# The Must-Hear Ferrucio Busoni?



## gekotron (Aug 11, 2012)

Hey all,

I am curious, what works by Ferrucio Busoni should I listen to? I'm totally new to his work, but I did enjoy the part of the Piano Concerto Op 39 that I have listened to. What else should I give a go?


----------



## joen_cph (Jan 17, 2010)

Piano Concerto

Berceuse elegiaque for orchestra
Nocturne Symphonique for orchestra
Turandot Suite for Orchestra

2 Violin sonatas

Piano works:
Fantasia Contrappuntistica
7 Elegies
6 Sonatinas

Doktor Faustus

For fun: Indian Phantasy for Piano & Orchestra

There are a lot of juvenile works of rather limited interest too.


----------



## Taneyev (Jan 19, 2009)

His string quartets, and the violin concerto (Szygeti recording if you can find it)


----------



## Ukko (Jun 4, 2010)

"Piano works:
Fantasia Contrappuntistica
7 Elegies
6 Sonatinas"

(The above is a direct copy from _@joen_cph_'s post. I also agree with his recommendation of the piano concerto - I like the Mewton-Wood recording.)

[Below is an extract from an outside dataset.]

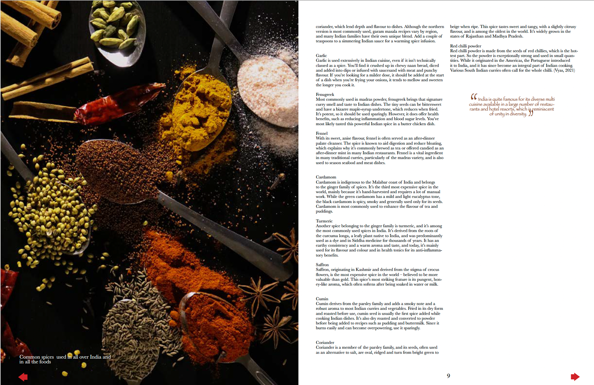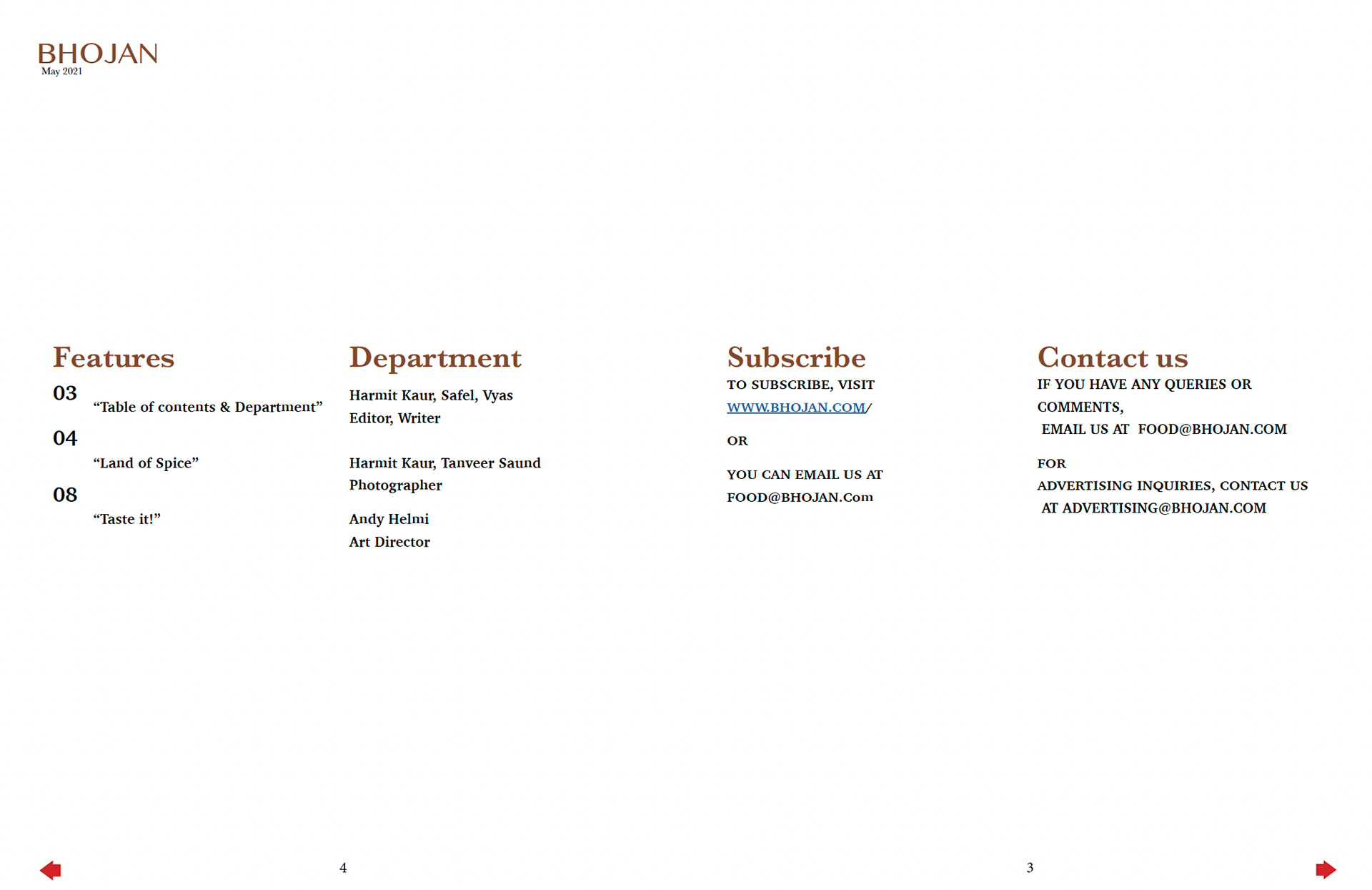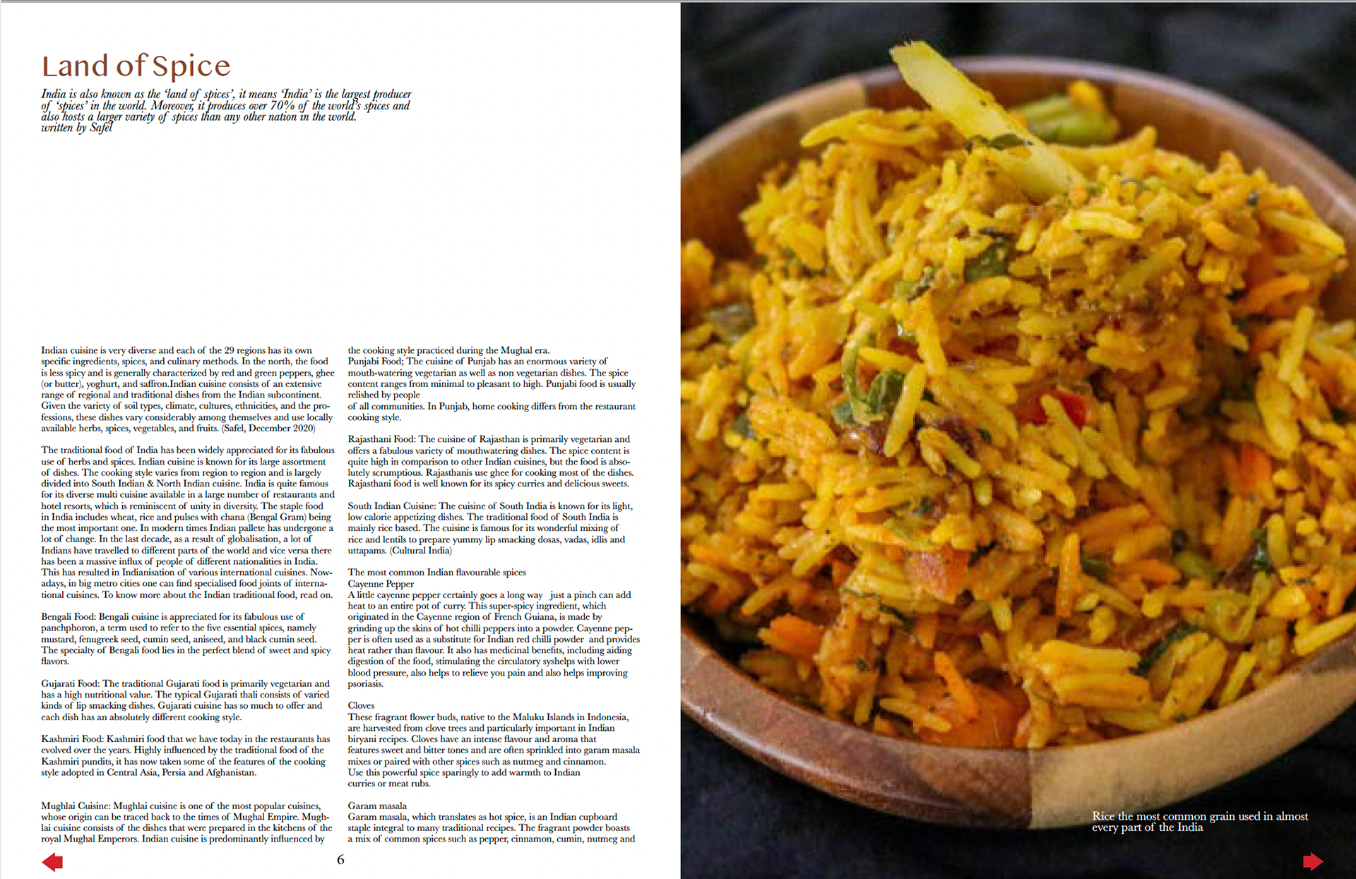This project is an interactive food magazine called Bhojan, This food magazine includes all the information about the spices and Indian food. It includes why India is called land of spices. How the spices are used and in what amount and what re their origins. This project also includes the recipes of Indian foods, how to make it and use the spices. These recipes are step by step so that it is easy to follow for everyone people who want to learn, or people who already know but want to know authentic recipes and also people who are not Indian and wants to make Indian food

I slightly prefer the 4-hands version of the Fantasia Contrappuntistica.


----------



## Guest (Aug 12, 2012)

I second the Fantasia Contrapuntistica, and add his Toccata and all of his Bach keyboard transcriptions.


----------



## moody (Nov 5, 2011)

Hilltroll72 said:


> "Piano works:
> Fantasia Contrappuntistica
> 7 Elegies
> 6 Sonatinas"
> ...


Mewton-Wood-- now you're talking, what a tragedy there !!

As for the Fantasia Contrappuntistica, which is actually based on several Bach pieces of music, try to find the Egon Petri version, he was a pupil and friend of Busoni.


----------